Coronel noted that while most clerical abuses in the US involve pedophilia, homosexuality and paternity are most frequent cases among erring Filipino priests.
He admitted, however, that there are also similarities between the sanctions imposed by Filipino and American bishops, like re-assigning an offending priests instead of turning him over to the police.
"Minsan may mga behavior na nagre-recur talaga (Sometimes there are behaviors that really recur) because of the tensions and pressures of being a priest. Sometimes, we send them to treatment centers in the US," the monsignor said.

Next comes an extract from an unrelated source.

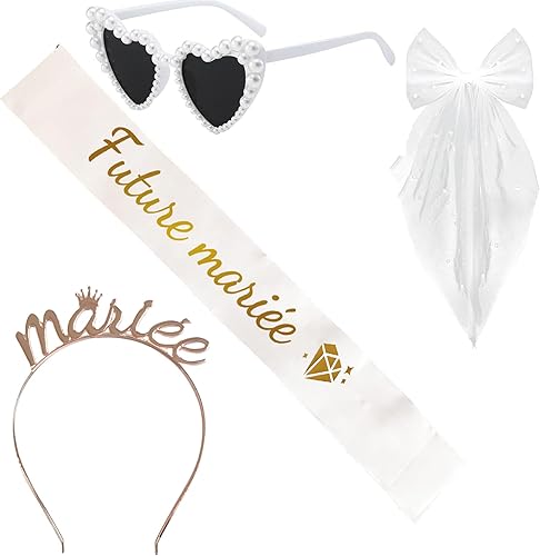 Accessoire EVJF Couronne Serre-tête Mariée+Echarpe Future Mariée+Voile avec Perles+Lunette Coeur Accessoire Kit Enterrement De Vie De Jeune Fille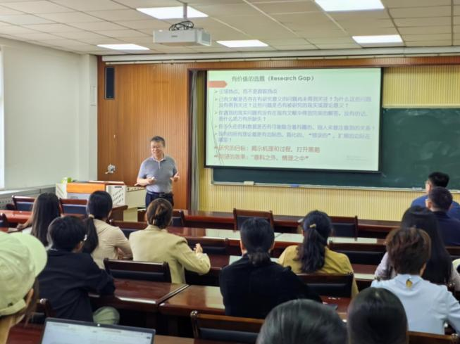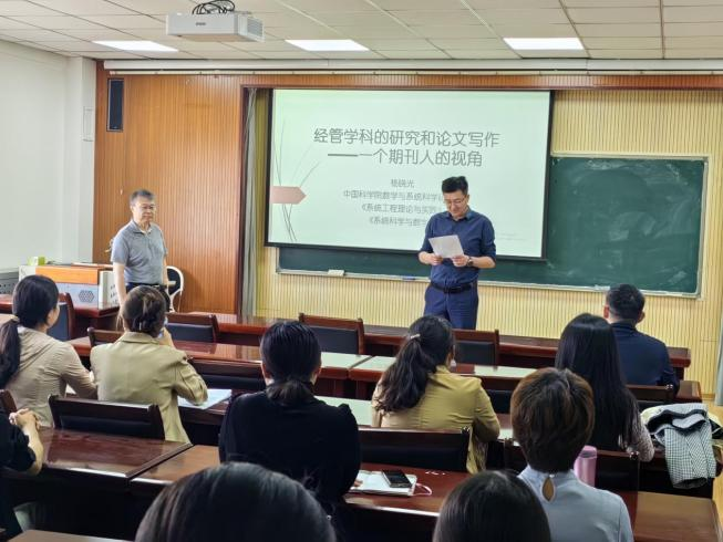 邀请国家自然科学基金委A类期刊《系统工程理论与实践》的主编杨晓光老师,为全院师生带来了一场题为“经管学科的研究和论文撰写:一个期刊人的视角”的专题讲座。杨主编结合自己丰富的期刊工作经验,强调了科技论文撰写的规范性对于提升研究水平、推动学术进步具有重要意义。随后,他结合具体案例,分析了优秀科技论文的特点和撰写技巧。杨主编鼓励师生在研究中勇于探索、敢于创新,在撰写中注重细节、精益求精。此次讲座不仅让师生们掌握了科技论文撰写的规范和要求,还激发了大家对科研工作的热情和信心。

Coronel urged people who have been or are being victimized by reprobate priests to file formal complaints but insisted that these matters be taken up before the priests bishop or archbishop.
"This (complaints) should be brought to the bishop. The church has its own canonical or church procedure. Whether criminal or not, we will make a church procedure," Coronel said, stressing, however, that the church would "not stand in the way of justice."
He said the CBCP Episcopal Commission on Clergy has been preparing guidelines and diocesan protocols on handling cases of erring priests. The commission started working on the guidelines and protocols when the Dagupan Archbishop was CBCP president in the mid-1990s.
Incumbent CBCP president and Cotabato Archbishop Orlando Quevedo has directed the commission to finish the guidelines by July next year.
"Even without the diocesan protocol, they are acting on it. Archbishop Quevedo has a time frame," he said, noting that although there are priests who are now being trained to study such cases, it still takes some time to cover all the 80 ecclesiastical territories in the country.
He said the dioceses will have to finalize their inputs before the entire church sets its collective protocol but churchmen even act without them.
"Kung meron pumutok na kaso, nagre-reach out kaagad kami sa biktima. (When a case comes up, we immediately reach out to the victim.) We will not stand in the way," he said.
Meanwhile, Manila Auxiliary Bishop Socrates Villegas, spokesman for Manila Archbishop Jaime Cardinal Sin, appealed to the public not to castigate the entire Catholic Church for the mistakes of a few priests.
Villegas noted that about five percent of the clergy are "very good, holy and exemplary priests."
"On the other hand, 1.6 percent or even lower are errant priests. The greater majority which comprises more than 90 percent are struggling hard to be good, praying hard to God and serving quietly their people," Villegas said.